İkinci sırada söz alan Azerbaycan’ın millî kahramanı, Karabağ gazisi Em. Yb. Vahid Guliyev, savaşa katılması ve tanıklıklarıyla ilgili özet olarak şunları söyledi. Ben Karabağ Savaşı sırasında bir elektronik fabrikasında mühendistim. Bir Ağdamlı olmanın da verdiği bir istekle vatan savunmasına gönüllü olarak orduya başvurdum ve yedek subay olarak savaşa dahil oldum. Bize üniversitelerde askerî eğitim verdiler, çünkü Azerbaycan ordusunda yeterince teknik donanımlı subay yoktu; Sovyet döneminde Türkleri teknoloji çalışmaları ve stratejik alanlardan uzak tuttular. Ben, tank ve tanksavar eğitimi aldım ve cepheye vardığımda bu alandaki donanımın neredeyse çalışmadığını gördüm. Biz eğitmekle sorumlu Rus subayı, bizi adeta eğitimden uzak tutuyordu. Çalışmayan tank ve tanksavarları incelediğimde, güya bir denetimle bunların hepsini elektronik beyinlerini ve kullanım kitapçıklarının alındığını gördüm. Tesadüfen elimize geçen bir beyini, elektronik fabrikamızda çoğaltarak, tanklarımızı ve tanksavarlarımızı çalıştırdık. Sonra bizzat Ağdam’a giderek cepheye katıldım. Orada ve daha sonra bulunduğum Laçin Koridoru görevimde onlarca düşman tank ve zırhlı aracını imha ettim. Hocalı’dan gelen subay arkadaşlarımın anlattıklarını dinleyince olayın vahametini bir kere daha derinden hissettim. Bırakın maruz kalan, tanık olanı, dinleyeni bile delirtecek işkence ve soykırım yapılmıştı…

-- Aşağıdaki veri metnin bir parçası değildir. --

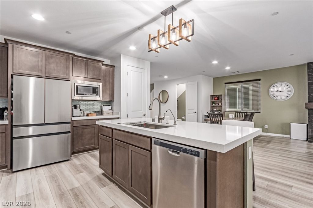 Your dream home is here! This stunning 5-bedroom residence welcomes you with a 2-car garage, tasteful stone accents, and a front patio that sets an inviting tone. You'll be delighted by the spacious great room with a soothing palette, attractive wood-look flooring, blinds, and an inviting fireplace for intimate moments. The well-appointed kitchen comes with quartz counters, wood shaker cabinets with crown moulding, a tile backsplash, recessed lighting, SS appliances, a pantry, and an island with a breakfast bar for casual meals. Upstairs, you'll find a versatile loft perfect for setting up an office or a relaxing lounge. The primary bedroom includes soft carpeting, an ensuite with dual sinks, and a convenient walk-in closet. Spend cozy evenings in the charming backyard, complete with a covered patio, stylish pavers, and pristine artificial turf for outdoor activities. Don't miss out on this fantastic opportunity!

Sonuç olarak, Ermeniler, bu kadar zulüm, katliam ve soykırımı tek başlarına yapmadılar, bunu bizzat kendim vurduğum tankların içinden çıkan askerlerin, Rus, Zenci ve Arap Ermenisi olduklarına tanık olarak gördüm, bunu tarafsız Rus gazeteci, araştırmacılar da defalarca belirttiler diyen Guliyev, o günkü Karabağ ve diğer yerlerdeki işgalin de, işgalin son bulmamasının arkasında da büyük ölçüde Rusların olduğunun unutulmaması gerektiğinin vurgulayarak sözlerini tamamladı.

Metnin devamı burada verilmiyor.